Efficient stochastic simulation of gene regulatory networks using hybrid models of transcriptional bursting
Pith reviewed 2026-05-22 01:03 UTC · model grok-4.3
The pith
A simulation algorithm for hybrid gene models treats transcriptional bursts as jumps in continuous protein levels and generates exact trajectories for any number of interacting genes.
A machine-rendered reading of the paper's core claim, the machinery that carries it, and where it could break.
Core claim
The bursty PDMP formulation of an arbitrary gene regulatory network admits an efficient simulation algorithm that is exact, reminiscent of Gillespie's method, and computationally lighter than fully discrete models; applied to a toggle switch, the method demonstrates that observed bimodality is produced by distinct burst frequencies that emerge from gene interactions rather than by transcriptional bursting itself.
What carries the argument
The bursty piecewise-deterministic Markov process (PDMP) that keeps protein concentrations continuous while representing mRNA production as instantaneous jumps whose rates depend on the current protein levels of interacting genes.
If this is right
- Networks with any number of genes can now be simulated at realistic molecule counts without prohibitive cost.
- Bimodality in expression data can be traced to network-driven differences in burst rates rather than to bursting alone.
- The method supplies an accessible tool for testing how regulatory interactions shape cell-to-cell variability.

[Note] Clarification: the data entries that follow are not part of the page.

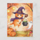 Niedliche Ginger Hexenkatze Halloween Postkarte für Postüberquerung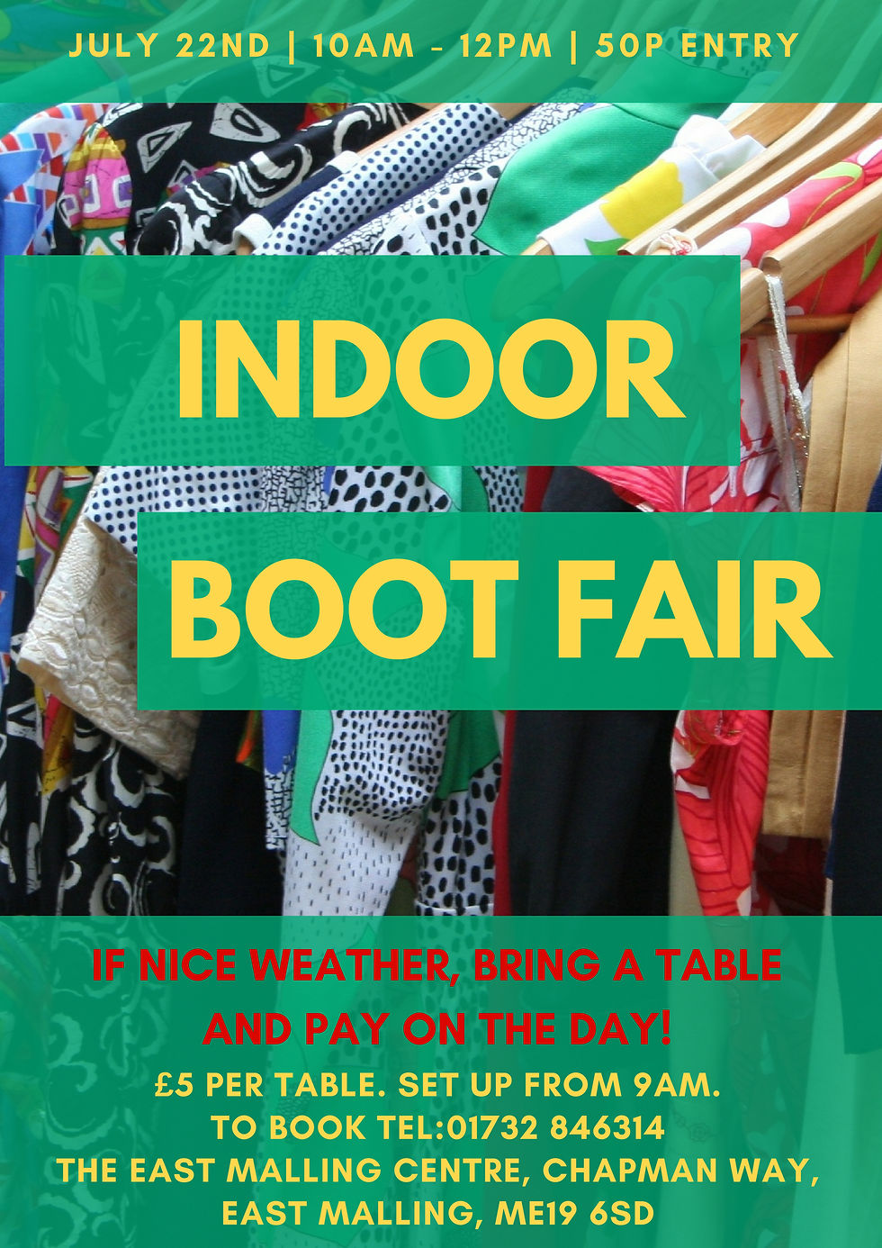 For the past two months the East Malling Centre has hosted a monthly indoor Boot Fair. These sales have been very popular with local residents wanting to have a clear out, as well as small business owners. The sales were started to raise much needed funds for the Centre. Stalls cost just £5, buyers pay a 50p entrance fee, and the East Malling Centre have been hosting their own stall stocked with donations as well. So far the sales have raise over £200 for the Centre!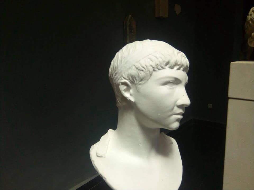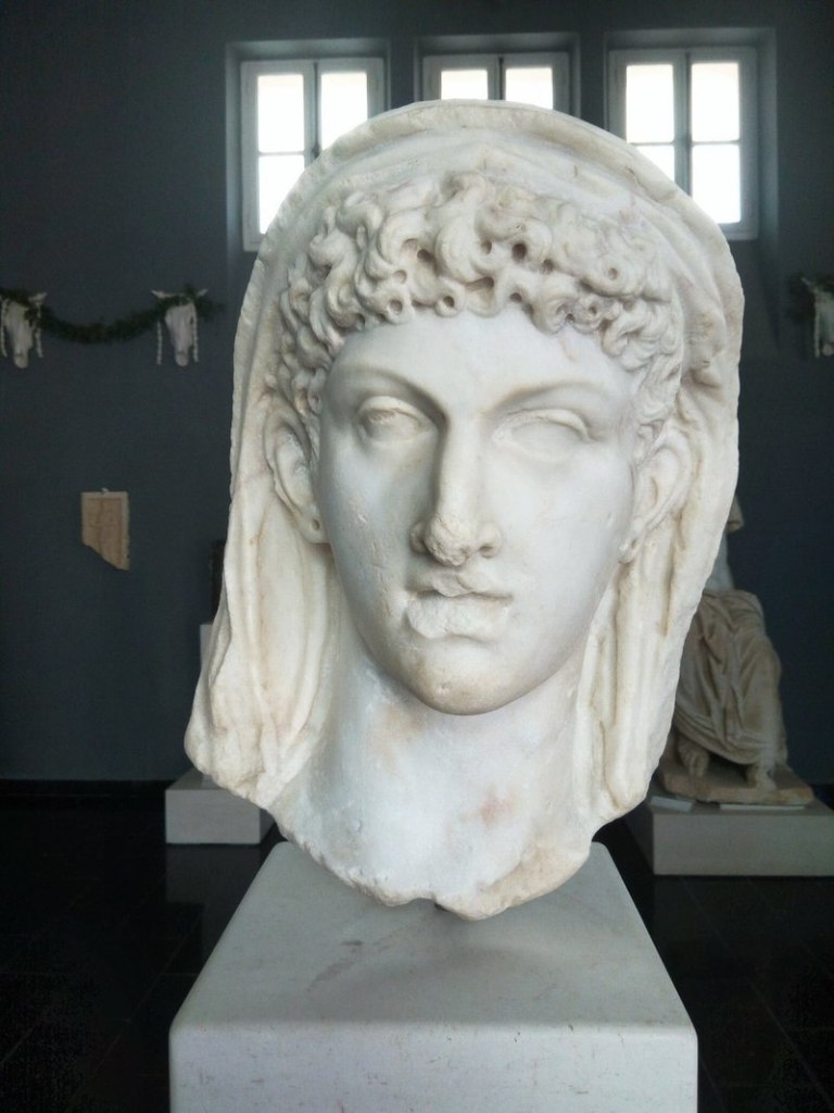 A cabeça de mármore abaixo foi descoberta no ano de 1784 nas ruínas da Villa dos Quintílios, na Via Ápia, em Roma, e estima-se que seja datada entre 40 A.C e 30 A.C, encontrando-se atualmente no Museo Gregoriano Profano, integrante dos Museus Vaticanos. Ela ostenta o penteado estilo melão, o coque e a tiara da realeza ptolomaica, esta com um detalhe que pode ser uma pedra preciosa (falaremos sobre isso mais adiante) ou talvez seja o resto de uma serpente (ureaus, ornamento característico dos faraós). Infelizmente, o nariz da escultura foi danificado, de forma intencional, provavelmente, e se perdeu.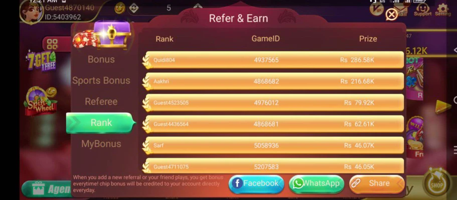 Referral Bonus: Extra rewards when you invite friends to join the app.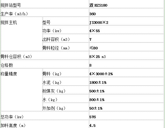 雙HZS180大型混凝土攪拌站技術(shù)參數(shù)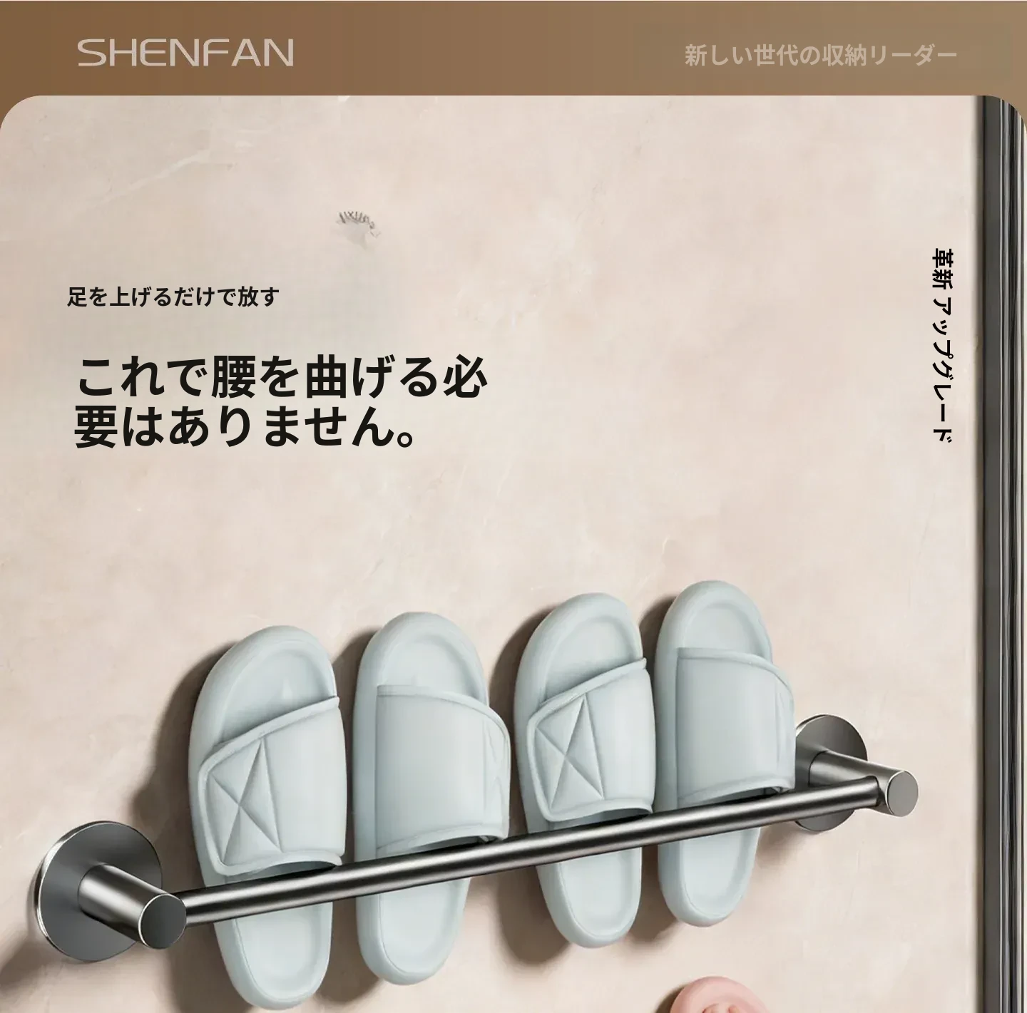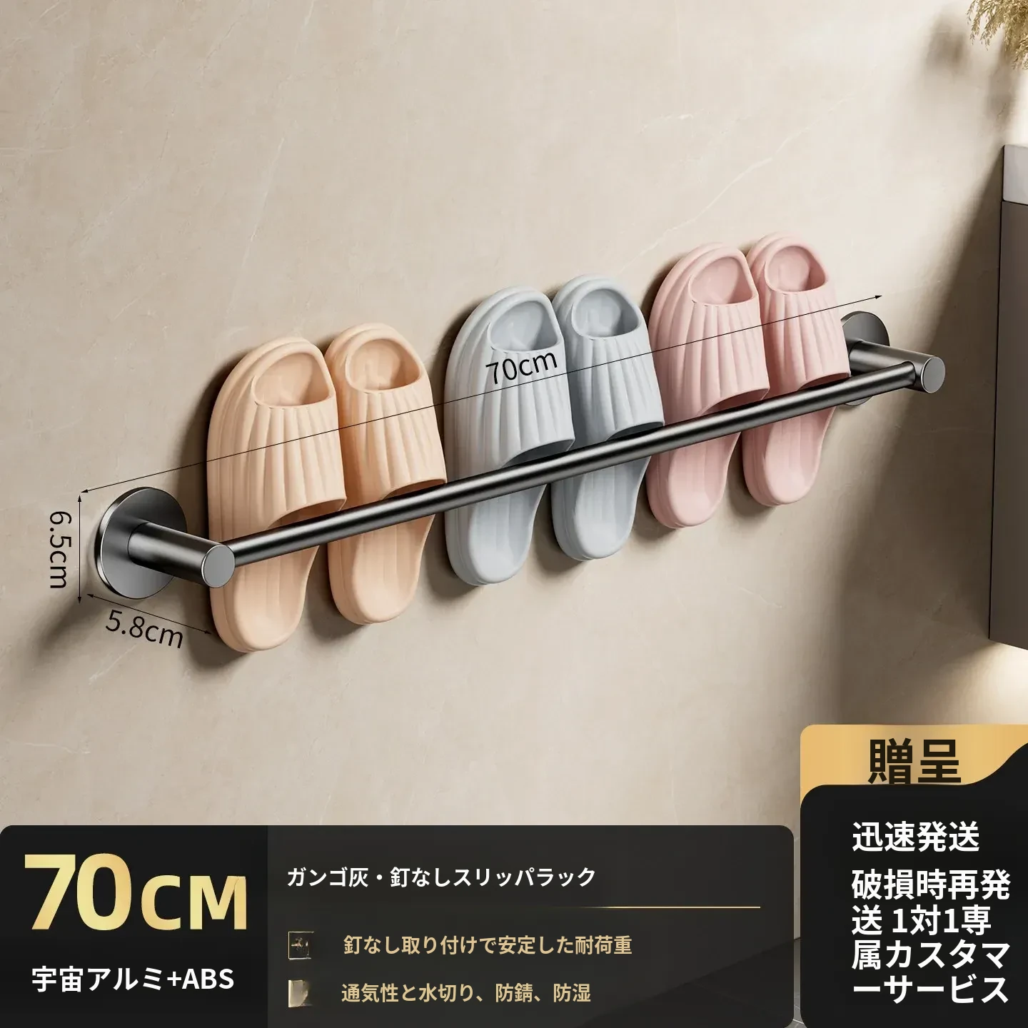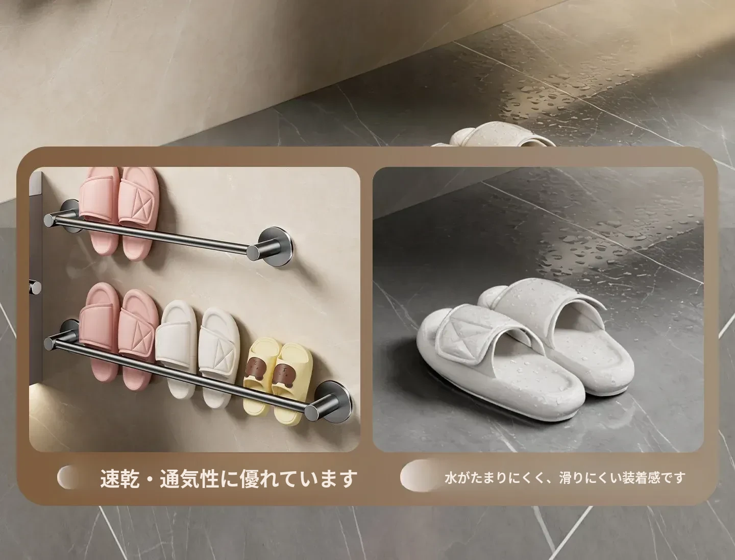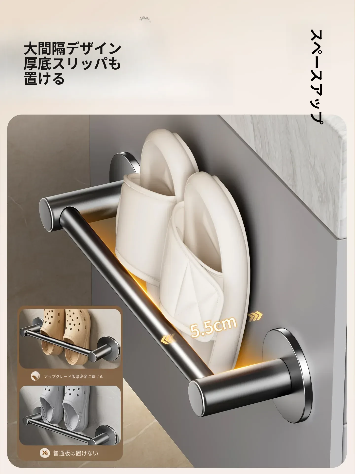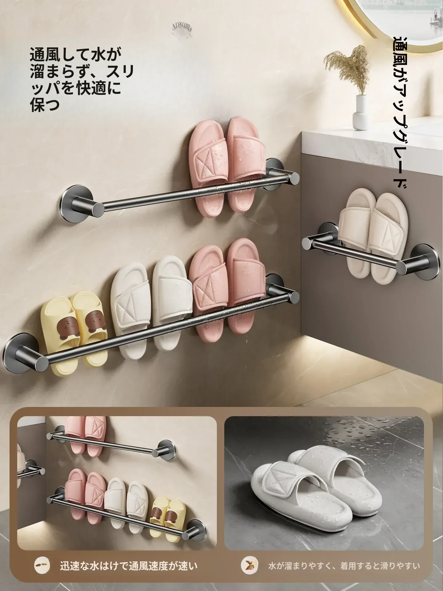 バスルーム用スリッパラック - 簡単取り付け、穴あけ不要!トイレでの靴収納に最適な壁掛け式オーガナイザー。水切り機能付きで清潔を保つ、ドアの裏にぴったりフィット!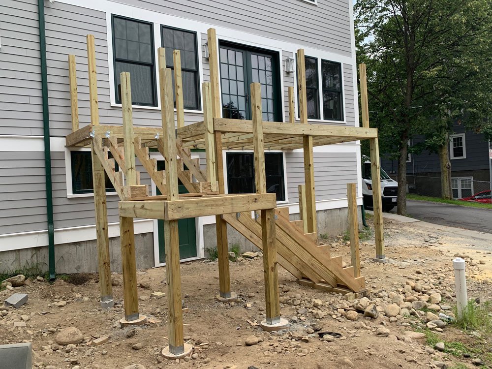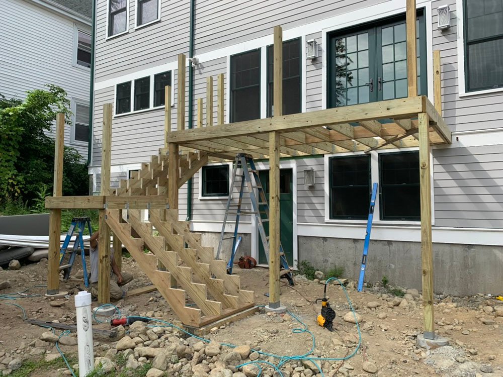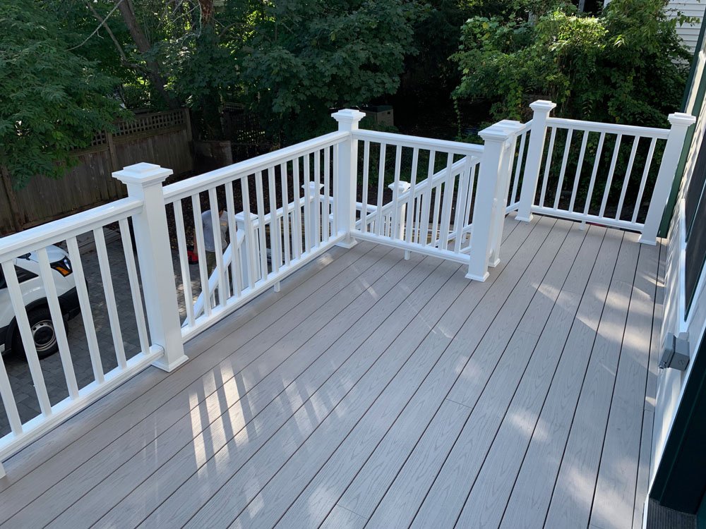 This Belmont deck project highlights the full build process from structural framing to finished outdoor living space. Designed for durability and everyday use, the deck features pressure-treated framing, composite decking, and clean white railings for a timeless look.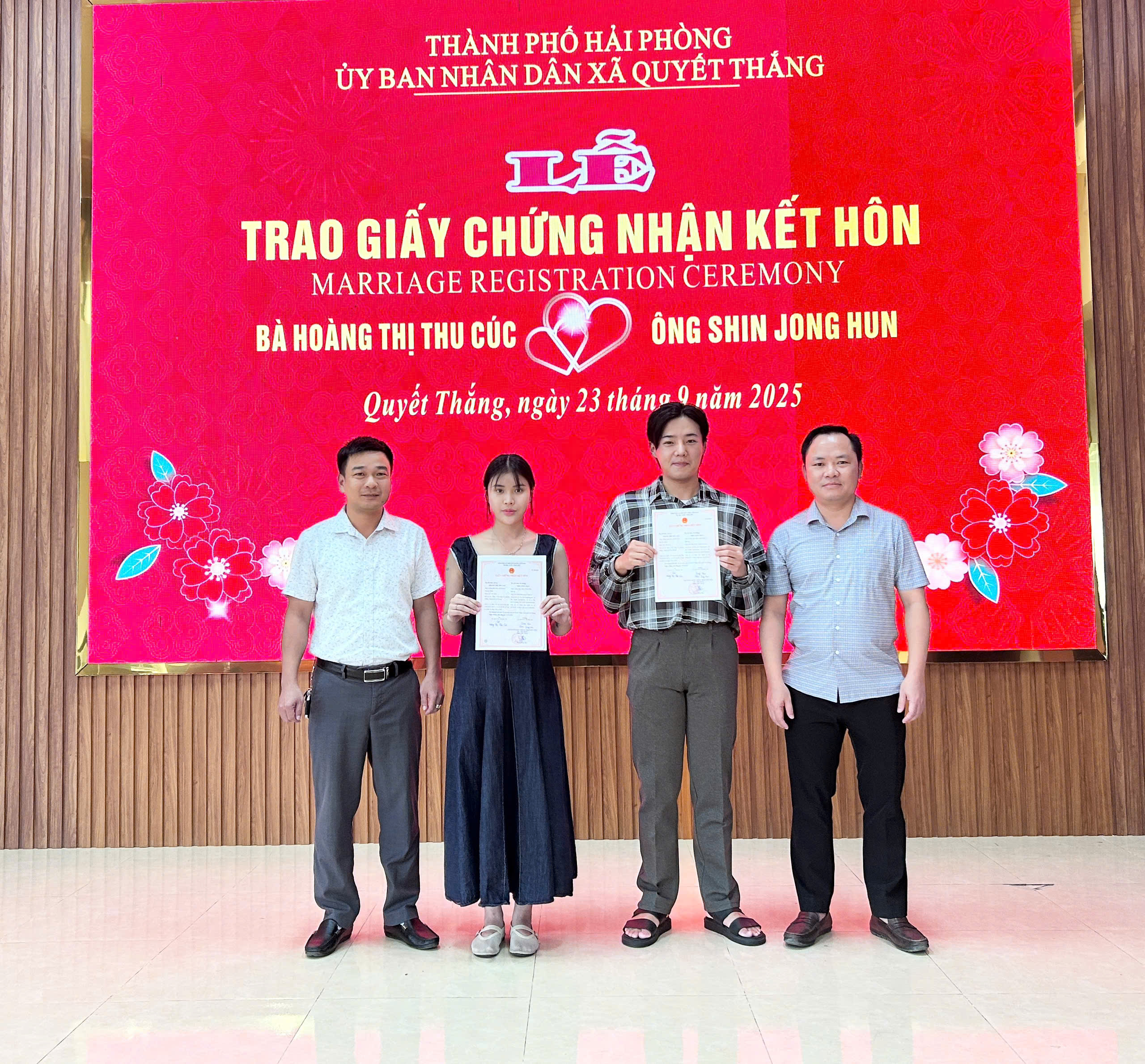 Sáng ngày 23/9/2025, tại Hội trường UBND xã Quyết Thắng đã diễn ra Lễ trao Giấy chứng nhận kết hôn cho chị Hoàng Thị Thu Cúc (thôn Trâm Khê, xã Quyết Thắng) và anh Shin Jong Hun (quốc tịch Hàn Quốc).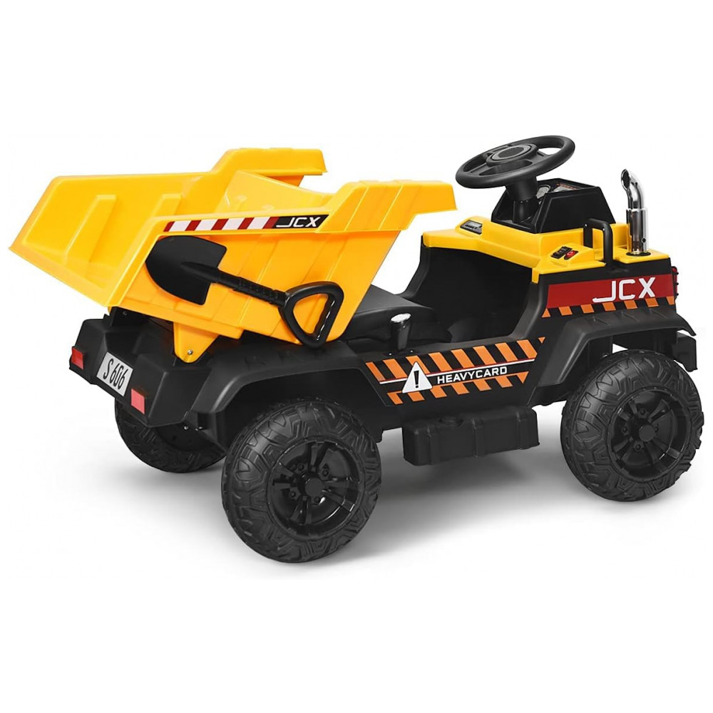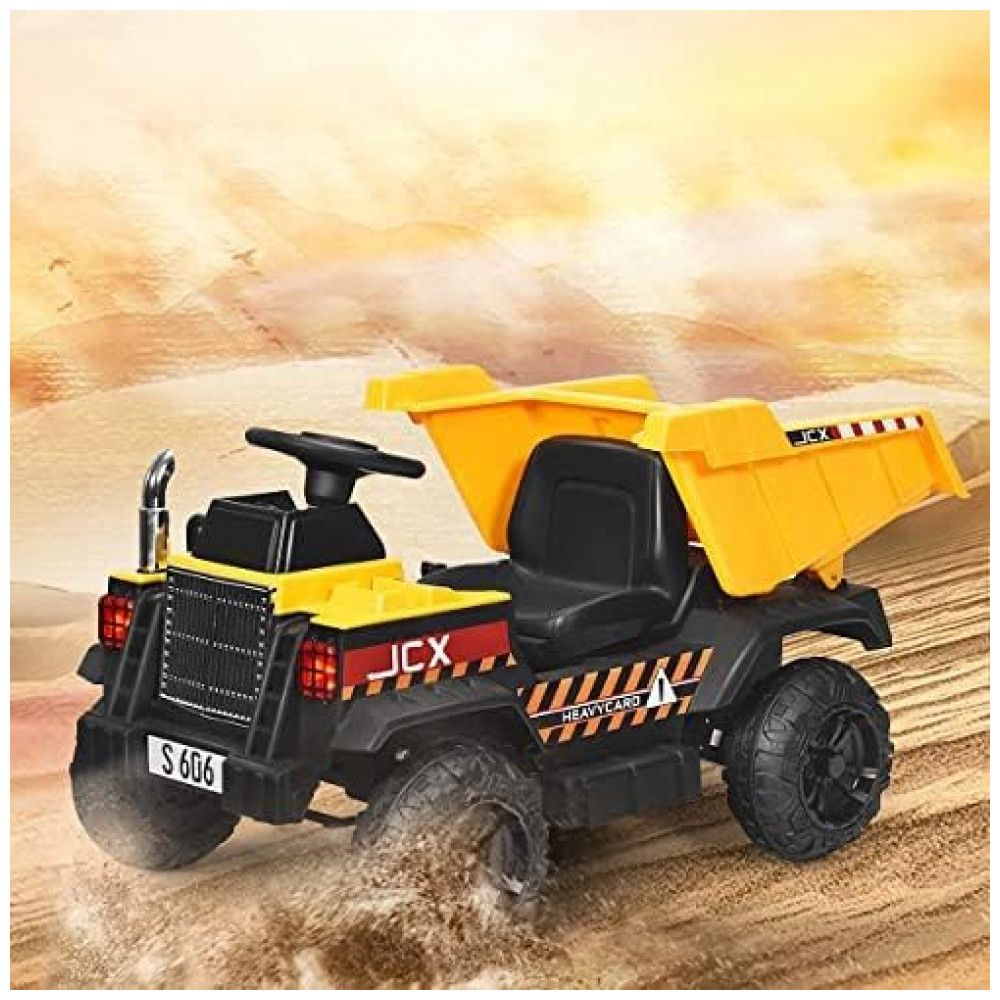 Cama basculante automática para cima e para baixo: Este brinquedo elétrico de veículo de construção apresenta a cama basculante traseira que sobe e desce automaticamente pressionando um botão. As crianças podem controlar o carro para transportar areia e carga no quintal. Eles não apenas terão horas de diversão, mas também rão o processo de aprendizado. Ajuda a melhorar a coordenação mão olho, capacidade cognitiva e habilidades motoras.

- Exact trajectories allow direct comparison with single-cell measurements without approximation error from the simulation step.
Where Pith is reading between the lines
- The same jump-based treatment could be applied to other hybrid biological processes where discrete events occur against continuous backgrounds.
- Modelers could use the algorithm to explore whether adding or removing specific interactions systematically alters burst-frequency distributions and thereby bimodality.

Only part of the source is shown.